Dataset excerpt:
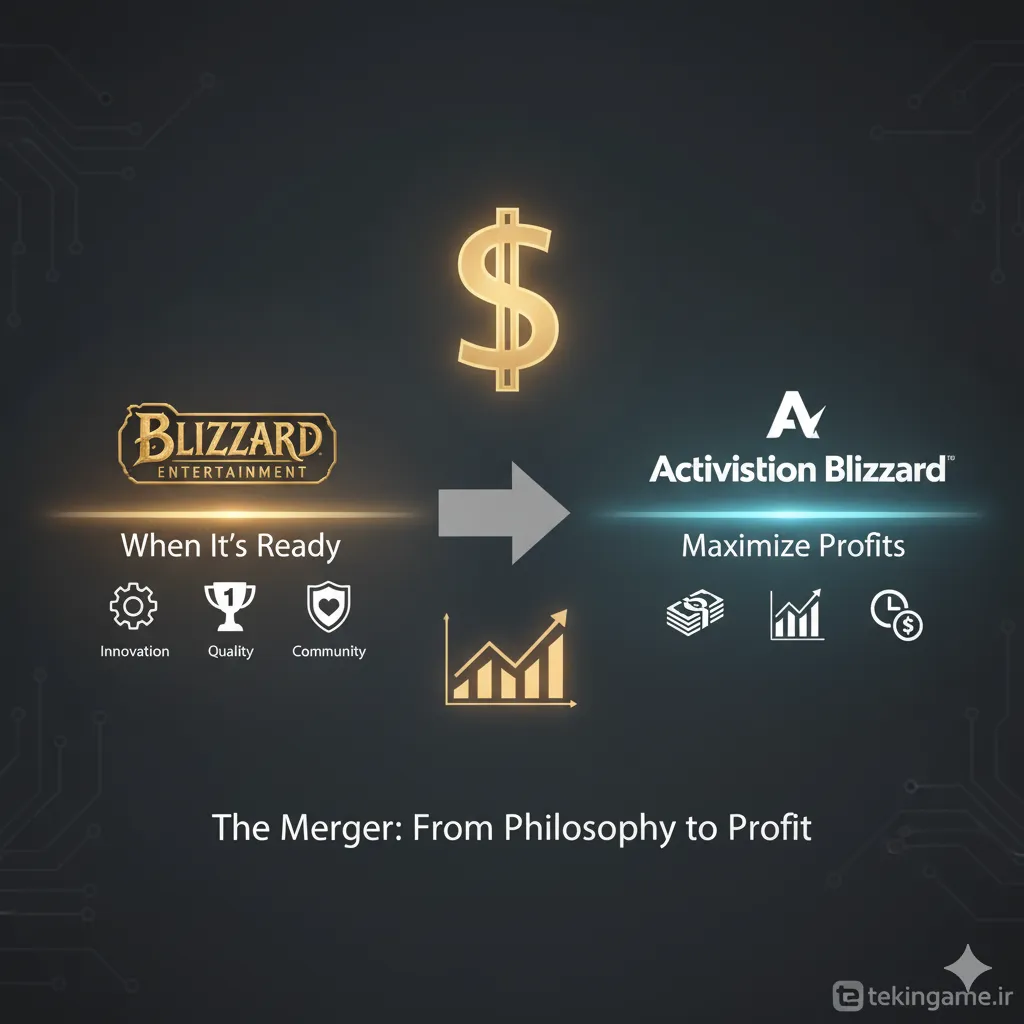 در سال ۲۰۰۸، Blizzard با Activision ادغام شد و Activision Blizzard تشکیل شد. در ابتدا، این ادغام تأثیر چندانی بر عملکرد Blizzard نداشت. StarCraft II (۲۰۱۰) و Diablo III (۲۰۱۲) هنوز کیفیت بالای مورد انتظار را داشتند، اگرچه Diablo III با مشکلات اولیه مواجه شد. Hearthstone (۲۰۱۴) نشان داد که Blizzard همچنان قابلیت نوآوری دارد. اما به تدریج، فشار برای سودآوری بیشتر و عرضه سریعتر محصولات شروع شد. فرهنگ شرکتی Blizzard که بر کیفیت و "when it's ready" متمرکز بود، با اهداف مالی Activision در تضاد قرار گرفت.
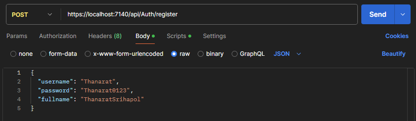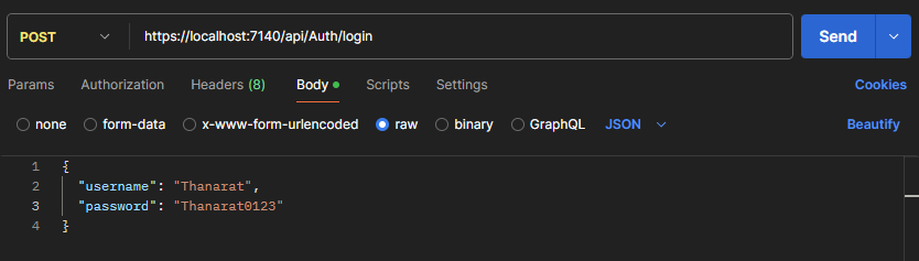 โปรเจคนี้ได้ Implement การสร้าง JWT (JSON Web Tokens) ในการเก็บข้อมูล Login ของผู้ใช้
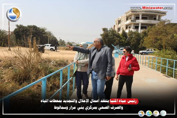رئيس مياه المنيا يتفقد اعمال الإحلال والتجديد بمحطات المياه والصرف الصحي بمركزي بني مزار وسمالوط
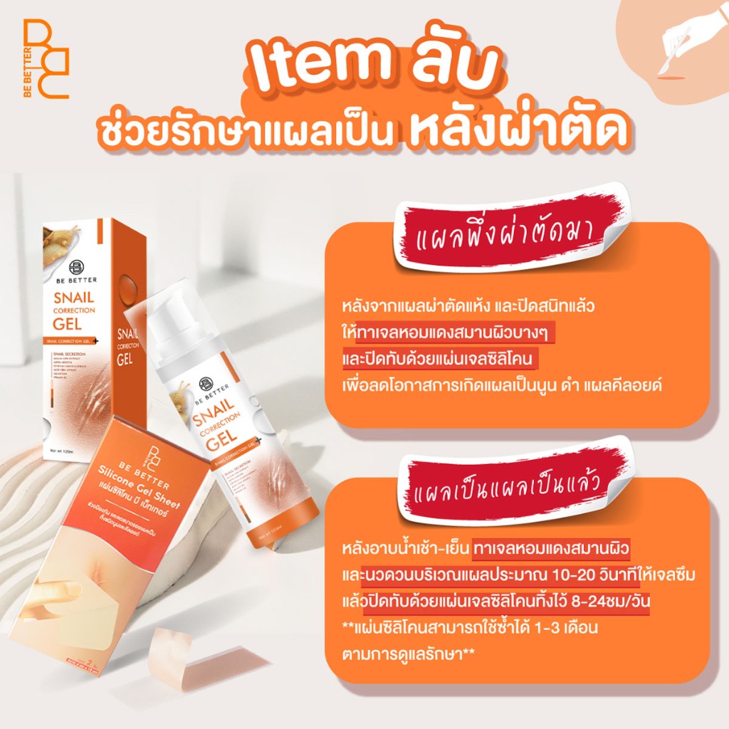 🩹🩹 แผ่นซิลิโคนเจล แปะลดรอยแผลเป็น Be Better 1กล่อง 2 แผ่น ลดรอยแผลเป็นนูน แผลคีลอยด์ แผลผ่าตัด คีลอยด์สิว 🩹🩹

The task:
Exact repeats of the lines from the first one in the data through the line containing "โปรเจคนี้ได้ Implement การสร้าง" make up the answer. Pictures do not.

Result of this exercise:
 در سال ۲۰۰۸، Blizzard با Activision ادغام شد و Activision Blizzard تشکیل شد. در ابتدا، این ادغام تأثیر چندانی بر عملکرد Blizzard نداشت. StarCraft II (۲۰۱۰) و Diablo III (۲۰۱۲) هنوز کیفیت بالای مورد انتظار را داشتند، اگرچه Diablo III با مشکلات اولیه مواجه شد. Hearthstone (۲۰۱۴) نشان داد که Blizzard همچنان قابلیت نوآوری دارد. اما به تدریج، فشار برای سودآوری بیشتر و عرضه سریعتر محصولات شروع شد. فرهنگ شرکتی Blizzard که بر کیفیت و "when it's ready" متمرکز بود، با اهداف مالی Activision در تضاد قرار گرفت.
 โปรเจคนี้ได้ Implement การสร้าง JWT (JSON Web Tokens) ในการเก็บข้อมูล Login ของผู้ใช้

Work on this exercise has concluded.